Pour autant, l'électricité produite par l'hydrolienne est intermittente et ne permet pas de couvrir en continu les besoins d'un site isolé. Quant aux containers présents sur l'île, ils ne permettent pas de stocker l'intégralité de l'électricité produite par D10.

L'hydrogène, pour stocker l'énergie intermittente de l'hydrolienne

C'est là qu'intervient le vecteur hydrogène. En répondant à la problématique de stockage, il permet d'éviter le recours à d'autres sources énergétiques, y compris fossiles.

« Associé à une source d'énergie renouvelable, un électrolyseur permet de convertir l'excédent d'électricité en hydrogène, et de stocker cette énergie sous forme compacte », précise Robin Falcone, ingénieur projets au sein de Sabella, qui prévoit d'exploiter davantage cette solution de stockage.

Un cas d'usage pour tester les bornes de recharge pour vélos

Pour la partie amont de cette expérimentation, une centrale de production et de stockage d'hydrogène d'une puissance de 3kW, développée par l'entreprise finistérienne H2Gremm à Edern, a été installée.

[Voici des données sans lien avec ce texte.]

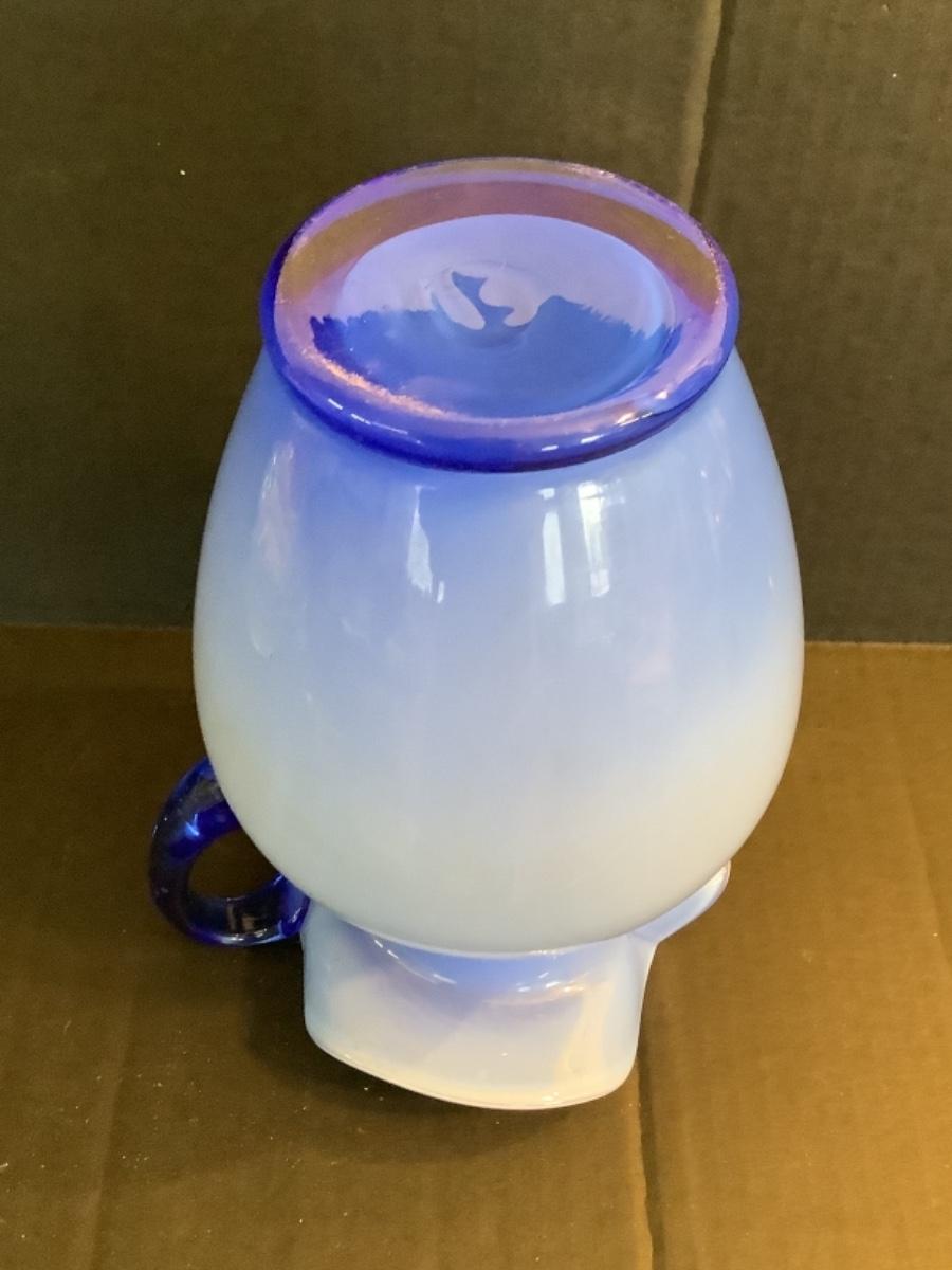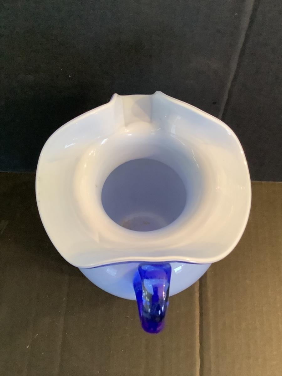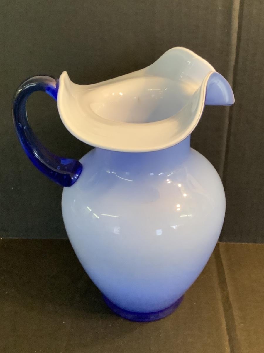 Hand blown cased glass pitcher measures 9” tall, Vintage etched glass serving bowl measures 11” round and 4” deep, has a small chip on bottom
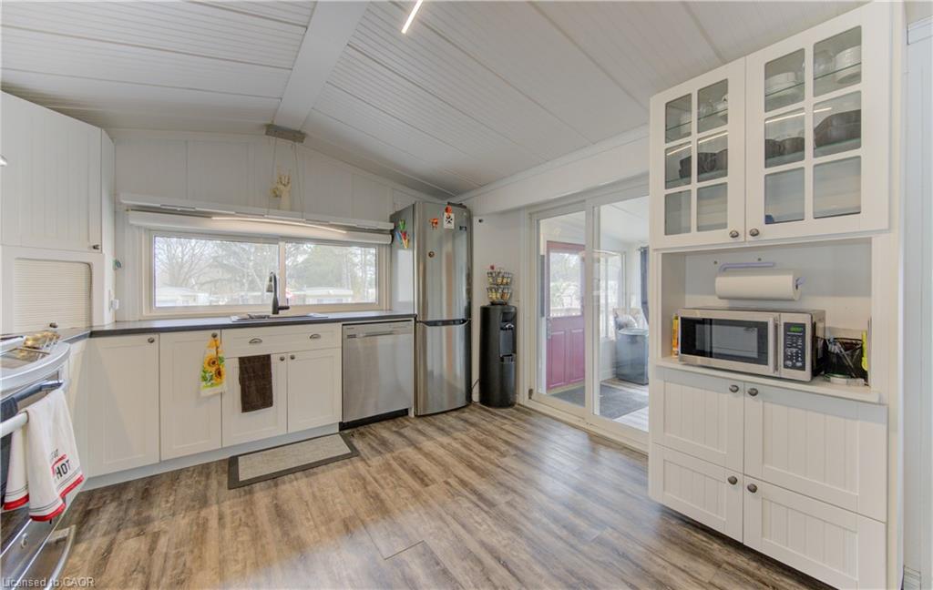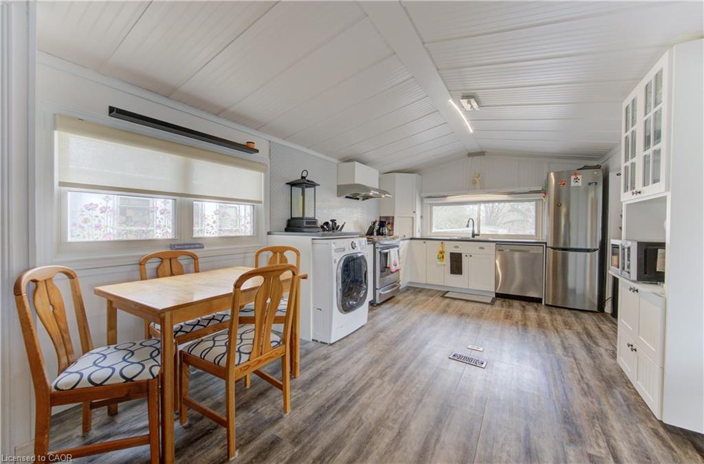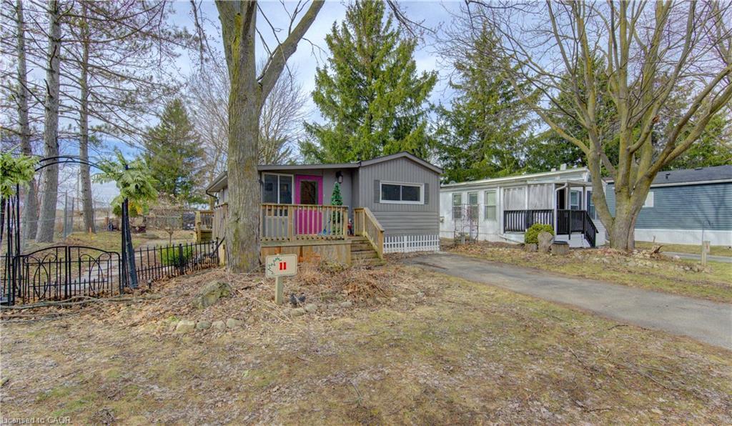 Welcome to Unit 11 in one of Waterloo's most established and beautifully maintained land-lease communities Green Acres Park! This beautifully designed modular double-wide home offers a spacious and inviting layout, perfect for modern living. At the heart of the home is a large open-concept living area that seamlessly connects the kitchen, dining, and living spaces—ideal for entertaining or enjoying everyday comfort. The thoughtfully designed floor plan includes a versatile den, perfect for a home office, media room, or cozy retreat. The expansive primary bedroom serves as a private sanctuary, featuring generous proportions and ample closet space. With its wide layout, abundant natural light, and flexible living spaces, this home combines functionality and style, making it an excellent choice for families, downsizers, or anyone seeking comfort without compromise. Green Acre Park features a community swimming pool, a games room, a catch and release fishing pond for plenty of outdoor activities. Enjoy resort-style amenities, peaceful surroundings, and low yearly carrying costs. Annual Park fees approx. $9,800-$11,200 + HST includes water & taxes (park closed Jan & Feb). Park approval required for all purchasers. Enjoy the comforts of 10-month seasonal living (park closed Jan and Feb) with a turnkey home, surrounded by nature, old growth trees and a spacious lot. Call and book your appointment today!!

Car l'hydrogène est également intéressant en termes de transport d'énergie.

« Il limite drastiquement les coûts et les pertes liés aux longues distances entre le site de production d'électricité hydrolienne et les zones de consommation » précise l'ingénieur.

Avec ces vélos à hydrogène, les habitants d'Ouessant, qui se prêtent depuis cinq ans à des expérimentations de technologies de pointe (production, stockage, smart energies), testent en parallèle un nouveau cas d'usage : car ces vélos sont associés à des stations de recharge installées sur le port d'Arlan par la société rennaise H2X Ecosystems.

Alors que Ouessant s'est fixée comme objectif de produire 50% de sa consommation en énergies renouvelables en 2023 et 100% en 2030, l'île est souvent citée comme laboratoire de la transition énergétique. « Ces 10 jours d'expérimentation déboucheront peut-être sur le développement de solutions de décarbonation pérennes sur ce territoire » espère BDI.

Paimpol-Bréhat, un des rares sites d'essais hydroliens en Europe

Pour autant, la stratégie de la région Bretagne en faveur de la mise en place d'une filière liée à l'hydrolien ne se limite pas aux enjeux de l'insularité. D'autres démarches, projets et entreprises sont soutenus qui visent à la diversification du mix énergétique.

Sur le site d'essais hydrolien de Paimpol-Bréhat, un des rares lieux européens permettant de tester des machines en conditions réelles, le Conseil régional, avec son partenaire EDF, investit pour attirer les développeurs et turbiniers internationaux.

Suite à des travaux de reconfiguration de la liaison sous-marine, le site est doté d'une connectique plus performante et raccordé au réseau électrique national. Depuis septembre, les démonstrateurs hydroliens peuvent être couplés à une prise de courant triphasé alternatif. « Autre axe d'amélioration : la connexion s'effectue dorénavant à l'aide d'une prise terminale connectable hors d'eau, évitant ainsi la prise de connexion sous-marine par plongeur », se félicite BDI.

Cette opération a été réalisée dans le cadre du projet européen TIGER (pour Tidal Stream Energy Industry Energiser, ou « industrie de l'énergie marémotrice »), avec le cofinancement du programme européen INTERREG Manche, qui vise « à démontrer que l'énergie hydrolienne est une industrie en pleine maturité ».

Le site de Paimpol-Bréhat est aussi sur le point d'intégrer la Fondation Open-C, qui sera créée d'ici à la fin de l'année. Elle aura pour but de fédérer et animer les cinq sites d'essais français en énergies marines, Sem-Rev à Nantes, Bordeaux, Mistral à Port-Saint-Louis-du-Rhône, et l'autre site breton de Sainte-Anne-du-Portzic (éolien flottant et énergie houlomotrice).